Segment Start: SUPPLIED DATA

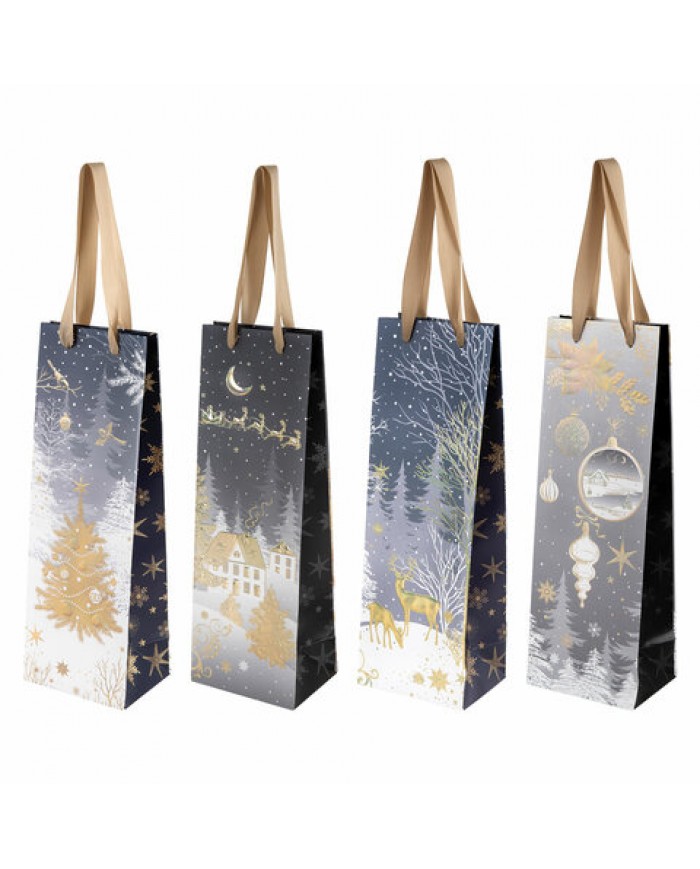 Пакет подарочный под бутылку (1 штука) новогодний 13x36x9 см, "Bottle", ассорти, ЗОЛОТАЯ СКАЗКА,
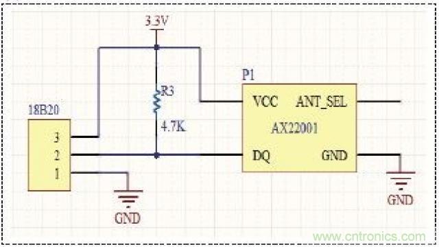 溫度采集單元主要有傳感器、處理器和電源組成,傳感器18B20負責區域內溫度信息的采集和數據轉換,將溫度的傳感器信息經過A/D轉換,得到數字信息,供處理器AX22001進行處理。其原理圖如圖1所示,其中ANT_SEL引腳接天線,用來傳送無線信號。
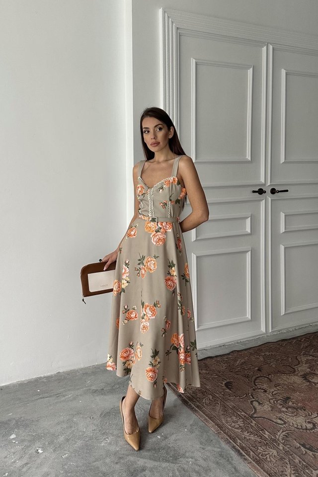 Haki İnce Kemer Detaylı Elbise
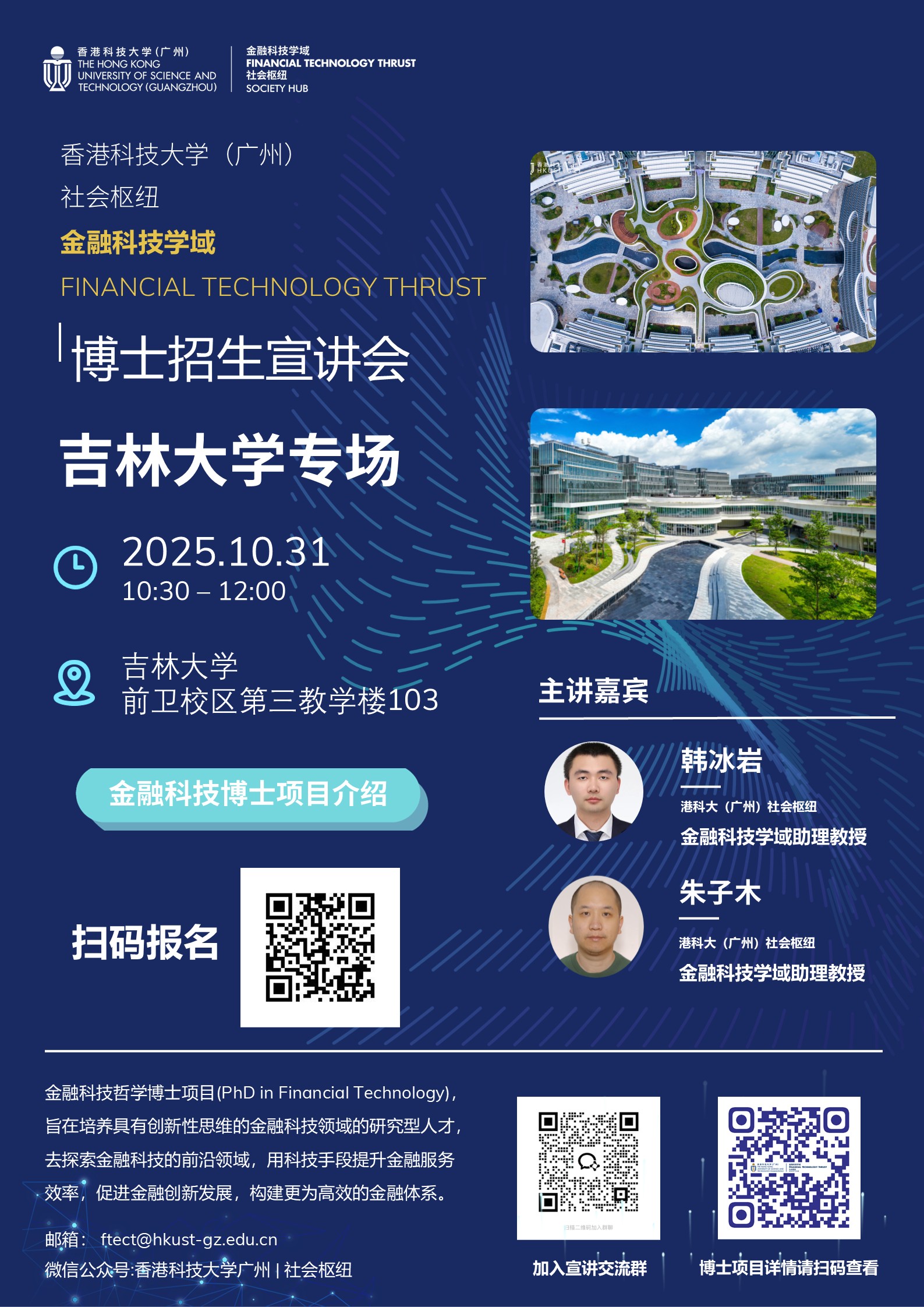 香港科技大学广州|金融科技学域博士招生宣讲会—吉林大学专场
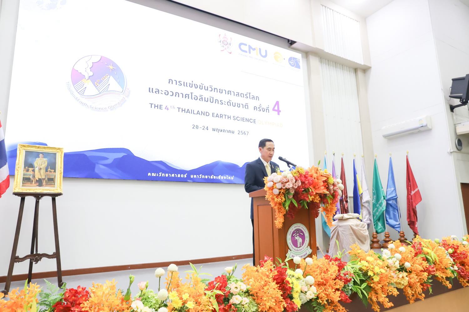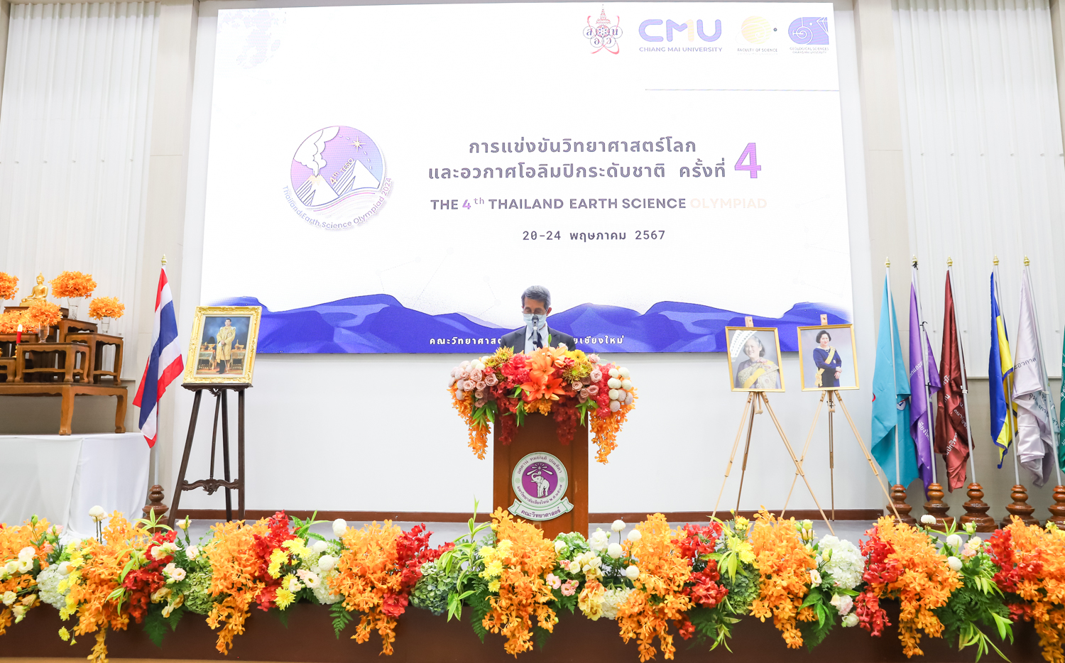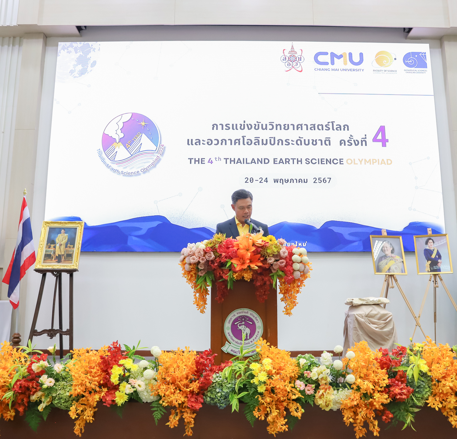 วันที่ 20 พฤษภาคม 2567 คณะวิทยาศาสตร์ มหาวิทยาลัยเชียงใหม่ จัดพิธีเปิดการแข่งขันวิทยาศาสตร์โลกและอวกาศโอลิมปิกระดับชาติ ครั้งที่ 4 (The 4th Thailand Earth Science Olympiad (4th TESO)) ณ ห้อง SCB2100 อาคาร 40 ปี คณะวิทยาศาสตร์ โดยได้รับเกียรติจาก รองศาสตราจารย์ ดร.พินิติ รตะนานุกูล เลขาธิการมูลนิธิ สอวน. เป็นประธานเปิดการแข่งขัน ศาสตราจารย์ ดร.นพ.พงษ์รักษ์ ศรีบัณฑิตมงคล อธิการบดีหาวิทยาลัยเชียงใหม่ กล่าวต้อนรับผู้เข้าร่วมการแข่งขัน และศาสตราจารย์ (เชี่ยวชาญพิเศษ) ดร.ธรณินทร์ ไชยเรืองศรี คณบดีคณะวิทยาศาสตร์ กล่าวรายงานการจัดการแข่งขัน โดยมี รองศาสตราจารย์ เย็นใจ สมวิเชียร กรรมการบริหารมูลนิธิ สอวน. ผู้แทนสถาบันส่งเสริมการสอนวิทยาศาสตร์และเทคโนโลยี คณะกรรมการจัดการแข่งขันฯ ครู อาจารย์ และนักเรียนผู้แทนศูนย์ ร่วมเป็นเกียรติในพิธี
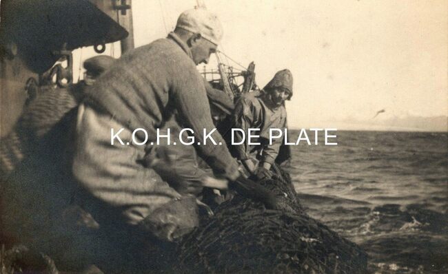 Vergroting. - Formaat : 30 x 40 cm. De visangels worden gevuld aan boord van het schip, klaar om te verkopen
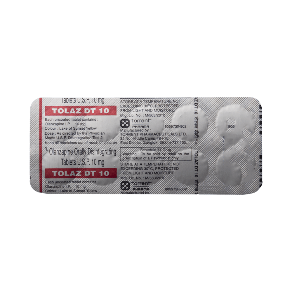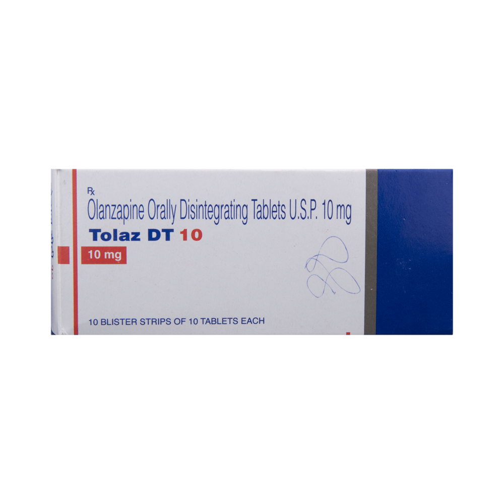 Tolaz DT 10 Tablet is used in the treatment of schizophrenia (a mental disorder that can result in hallucinations or delusions and also adversely affects a person’s ability to think and behave) and mania. Tolaz DT 10 Tablet may be taken with or without food. However, it is advised to take it at the same time each day as this helps to maintain a consistent level of medicine in the body. Take this medicine in the dose and duration as advised by your doctor and if you have missed a dose, take it as soon as you remember. This medication mustn't be stopped suddenly without talking to your doctor as it may worsen your symptoms.Some common side effects of this medicine include dryness in the mouth, constipation, muscle rigidity, and restlessness. Initially, this medicine may cause a sudden drop in blood pressure when you change positions, so it is better to rise slowly if you have been sitting or lying down. It also causes dizziness and sleepiness, so do not drive or do anything that requires mental focus until you know how this medicine affects you.However, this medicine may increase your weight, blood sugar, and cholesterol levels but, modifying your lifestyle by having a healthy diet and exercising regularly can reduce this side effect. You should be cautious as in rare cases it may cause serious side effects like very high blood sugar levels or seizures.
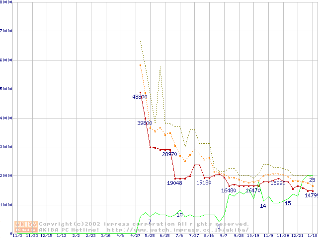 PC3200(DDR400) DDR SDRAM DIMMの最安値推移
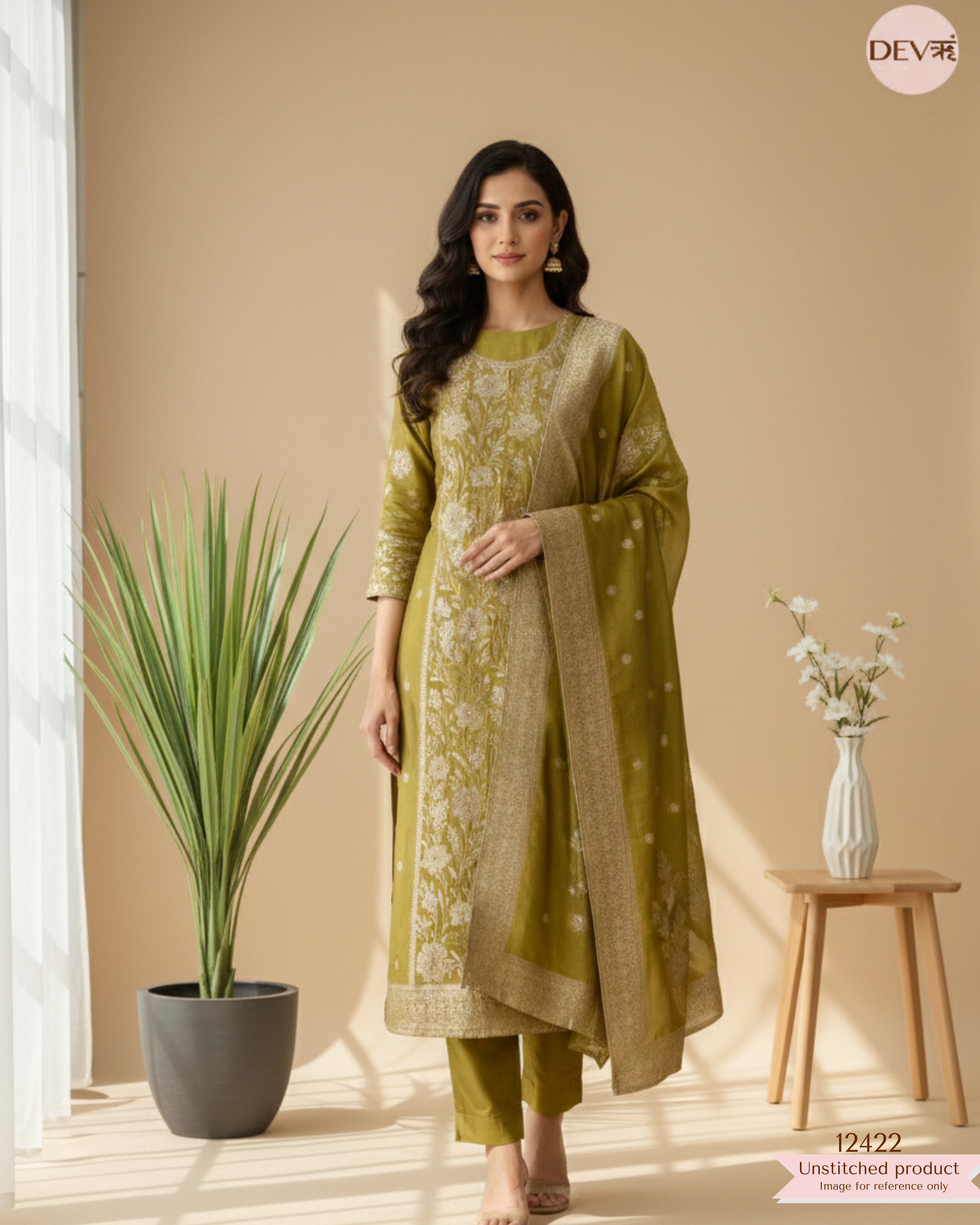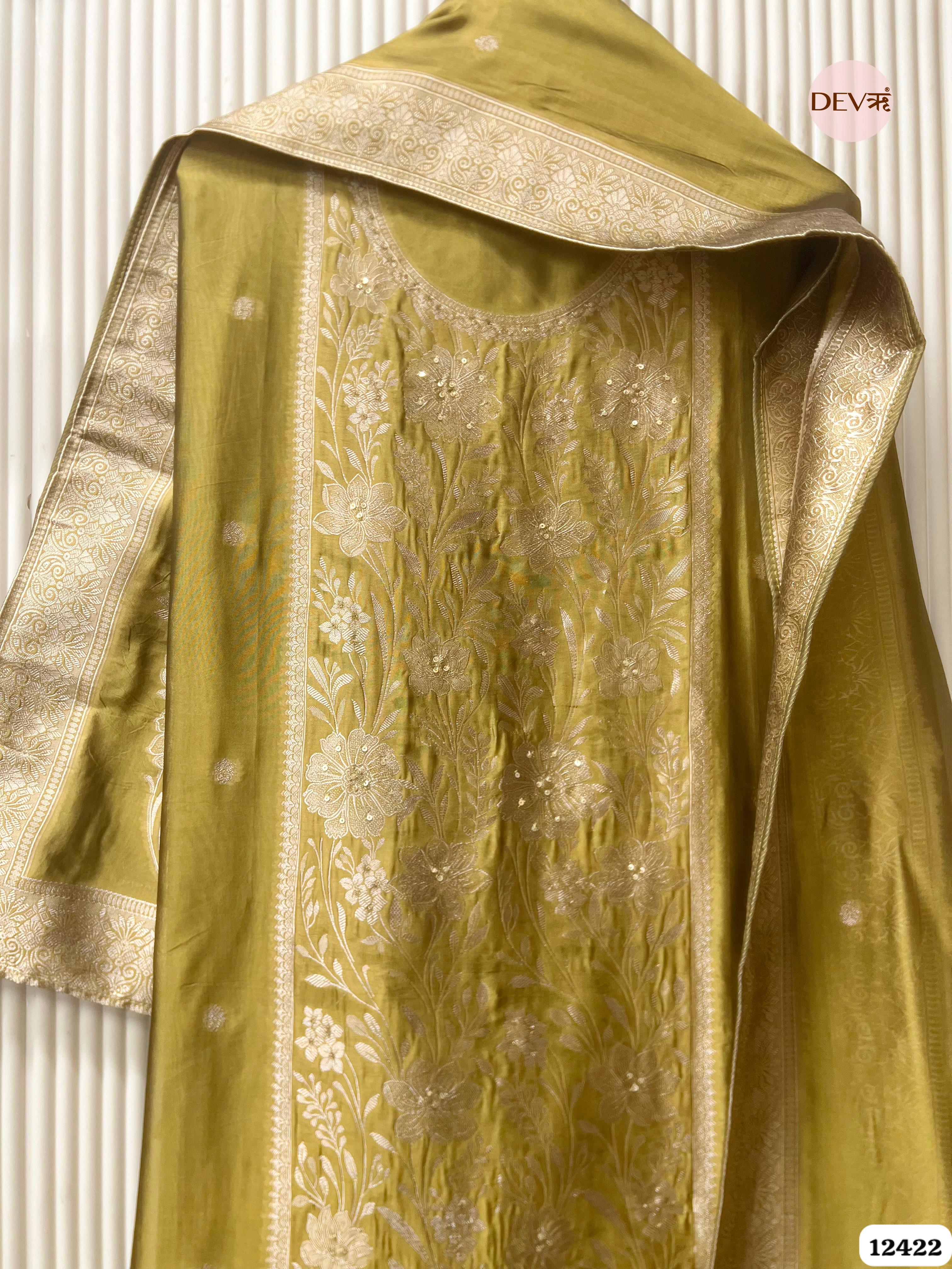 An elegant olive-toned unstitched suit enriched with intricate Banarasi floral weaving and delicate embroidery. The soft sheen of silk highlights the refined craftsmanship, complemented by ornate borders and a graceful, heritage-inspired finish that reflects Devri’s timeless aesthetic.

Segment End: SUPPLIED DATA

### WHAT YOU SHOULD DO
For the data above, set down exactly the lines from the line with "Haki İnce Kemer Detaylı Elbise" to the line with "วันที่ 20 พฤษภาคม", both included, leaving pictures out.

### TASK ANSWER
 Haki İnce Kemer Detaylı Elbise
 香港科技大学广州|金融科技学域博士招生宣讲会—吉林大学专场
 วันที่ 20 พฤษภาคม 2567 คณะวิทยาศาสตร์ มหาวิทยาลัยเชียงใหม่ จัดพิธีเปิดการแข่งขันวิทยาศาสตร์โลกและอวกาศโอลิมปิกระดับชาติ ครั้งที่ 4 (The 4th Thailand Earth Science Olympiad (4th TESO)) ณ ห้อง SCB2100 อาคาร 40 ปี คณะวิทยาศาสตร์ โดยได้รับเกียรติจาก รองศาสตราจารย์ ดร.พินิติ รตะนานุกูล เลขาธิการมูลนิธิ สอวน. เป็นประธานเปิดการแข่งขัน ศาสตราจารย์ ดร.นพ.พงษ์รักษ์ ศรีบัณฑิตมงคล อธิการบดีหาวิทยาลัยเชียงใหม่ กล่าวต้อนรับผู้เข้าร่วมการแข่งขัน และศาสตราจารย์ (เชี่ยวชาญพิเศษ) ดร.ธรณินทร์ ไชยเรืองศรี คณบดีคณะวิทยาศาสตร์ กล่าวรายงานการจัดการแข่งขัน โดยมี รองศาสตราจารย์ เย็นใจ สมวิเชียร กรรมการบริหารมูลนิธิ สอวน. ผู้แทนสถาบันส่งเสริมการสอนวิทยาศาสตร์และเทคโนโลยี คณะกรรมการจัดการแข่งขันฯ ครู อาจารย์ และนักเรียนผู้แทนศูนย์ ร่วมเป็นเกียรติในพิธี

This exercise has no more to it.